Revealing it has already supported more than 100,000 retail clients and around 4500 businesses during the coronavirus emergency, chief executive David Duffy hailed its resilience in a turbulent market.

He also said the bank’s reputation as a market innovator – a key USP as it challenges the UK’s established lending hierarchy – means Virgin Money is primed to prosper as customer behaviour changes on the back of coronavirus.

He said: “The COVID-19 outbreak and its impact on the nation’s businesses and consumers has markedly changed the operating environment (and) our primary objective now is safeguarding the health and well-being of our colleagues, customers and communities while also protecting the bank.

“We enter this period from a position of strength, with a defensive loan book and resilient capital position, meaning we are well-placed to help our customers and colleagues through the crisis.

“We have rapidly adapted our operations, products and services and I am extremely proud of how our colleagues have risen to the challenge.

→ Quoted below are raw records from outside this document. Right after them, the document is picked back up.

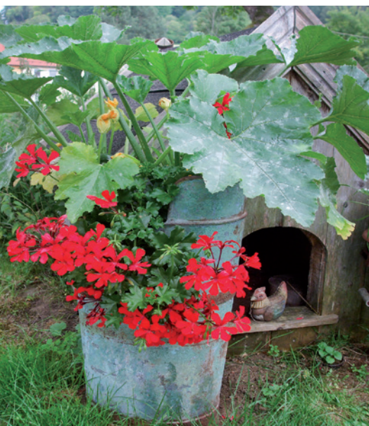
Alte Fässer müssen nicht entsorgt werden, sondern können als Pflanzgefäß für Kürbis und Balkonblumen dienen.

Alte Emailleschüsseln und Blechwannen sind nicht nur ein Blickfang im Garten, sie bringen auch reiche Ernte. Bevor die alten Utensilien auf dem Müll landen, sollte man prüfen, ob sie neuen Zwecken zugeführt werden können.
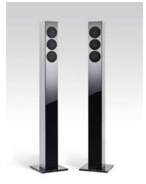
Column 02 schwarz Paar
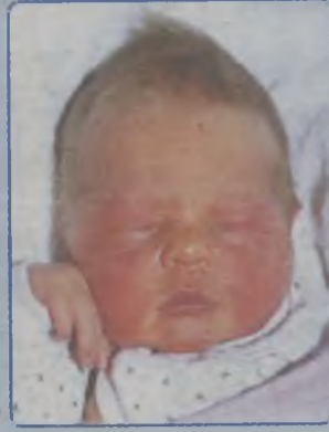
... WOJTASIK syn Justyny i Piotra ur. 2 stycznia 2002 r., godz. 12.50 wżył 3830g, mierzył 58 cm
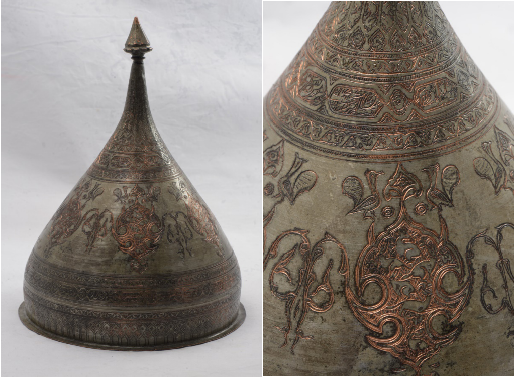
Рисунок 3. Сарпуш. XVI-XVII вв.

“Господи, приведи к благополучному завершению...” – الهی عاقبت محمود گردان
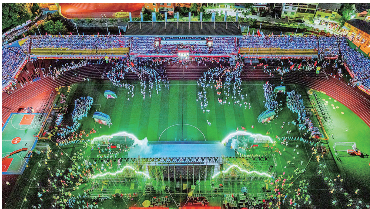
市第五届运动会在石阡县体育场开幕。
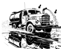
22) kropící / kropící

“Amid the uncertainty, it is clear the pandemic will have long-lasting and wide-ranging effects on how companies do business and on what customers will expect from the organisations.

“Although the full impacts from the COVID-19 outbreak will take time to emerge, I’m confident our agility, digital capabilities and focus on disrupting the status quo will make us stronger and well-equipped to support changing customer needs and play our part in the UK’s economic recovery.”

Laying out the company’s performance across its main banking divisions, David revealed business lending grew 5.7 per cent in the period to £8.3 billion, with personal lending up by 6.2 per cent to £5.3 billion.

However, mortgage lending was down 0.9 per cent to £59.5 billion, a result David said came on the back of a “disciplined approach to margin management.”

The bank last year unveiled plans for a digital disruption hub at its Gosforth offices, which it said at the time would deliver more than 200 jobs by the end of 2020.

The endeavour – earmarked to create new jobs and provide work for existing staff – is aimed at propelling innovation and improvements to the way the bank serves mortgage and business banking customers.

Virgin Money was previously taken over by CYBG Group in a £1.7 billion deal.